Ozempic: Wonderdrug Or Weight Loss Fad
Ozempic has taken over the conversion around weight loss and we want to examine if that's a good thing.
Ozempic and its sister medication Wegovy are the same chemical, semaglutide, but in different doses. When they first came on the market Ozempic was purely for diabetes treatment and Wegovy was a weight loss drug.
As a diabetes treatment, Ozempic is truly the wonder drug it's marketed as. It is lifesaving. The clinical trials were groundbreaking and also where the idea to create Wegovy, and market it as a weight loss drug.
When we step into the world of weight loss that's where we come into the problems with the medication. The world where we leave body positivity at the door and worship thin bodies.
The weight loss clinical trials showed the drug was far more effective than any other weight loss drug ever released before. But that unfortunately doesn't mean much.
That's if it even works at all. In the trials there was a very narrow study group, primarily white participants (75%), excluding anyone who even has a chance of being pregnant, excluding people with mental health problems.
While being within a specific group makes the drug more sure to work, that statistics laid out bare take away a lot of the superpower facade that the drug has.
A third of people lose more than 20% of their body weight, half lose around 10%. But what if you're in that other half that doesn't lose weight? If your goal is to lose weight you're taking a drug for very little.

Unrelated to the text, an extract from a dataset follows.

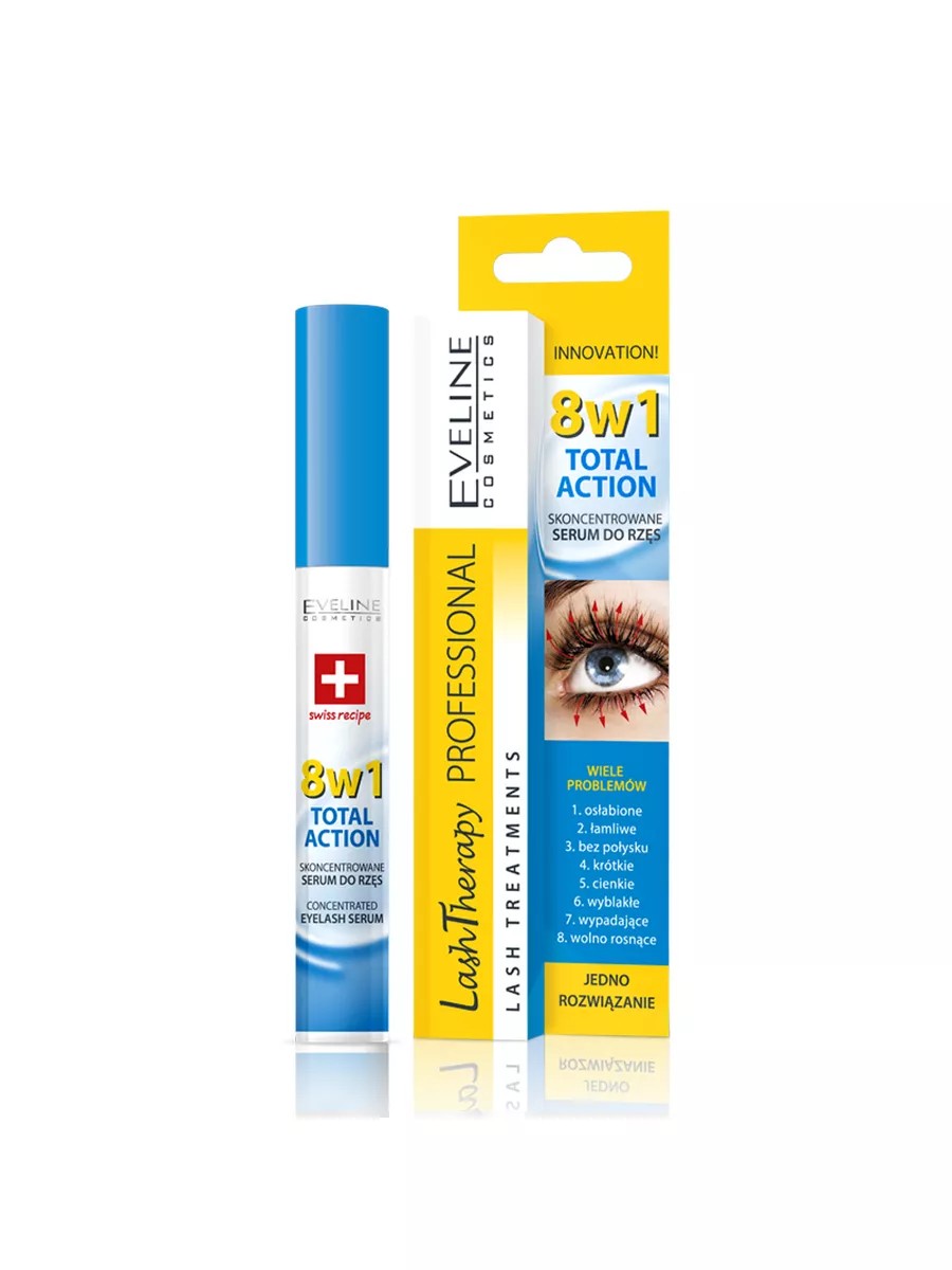 Eveline Cosmetics 8-in-1 Total Action Concentrated Eyelash Serum 10ml. Intensive care for weakened and brittle eyelashes. The serum works in 8 directions, visibly strengthening eyelashes and improving their appearance. A unique formula with a high concentration of active ingredients guarantees visible results. Known for their unique properties: D-panthenol, soy proteins, hyaluronic acid and argan oil - effectively regenerate and protect, stimulate renewal and growth of eyelashes, preventing their breakage and loss. Weakened eyelashes regain elasticity and shine. Eveline Cosmetics presents 8-in-1 Total Action eyelash growth product - the ideal product for strengthening and caring for weakened, brittle eyelashes! This concentrated serum is designed to meet the needs of modern women who want healthy, long and beautiful eyelashes without resorting to false eyelashes.

More immediately pressing than the under-researched efficacy, is the worldwide shortage. The shortage began with Wegovy, leading to doctors prescribing Ozempic for weight loss, causing a worldwide shortage of all semaglutide products, making it challenging for some people with diabetes to find where to get Ozempic.
We think that if fat bodies were more respected and not seen as something that needed to be fixed at any cost there would never have been this shortage in the first place. Ozempic is a wonder drug for people with diabetes and treating it as a weight loss drug is harmful to people who need it and to the body positivity movement as a whole.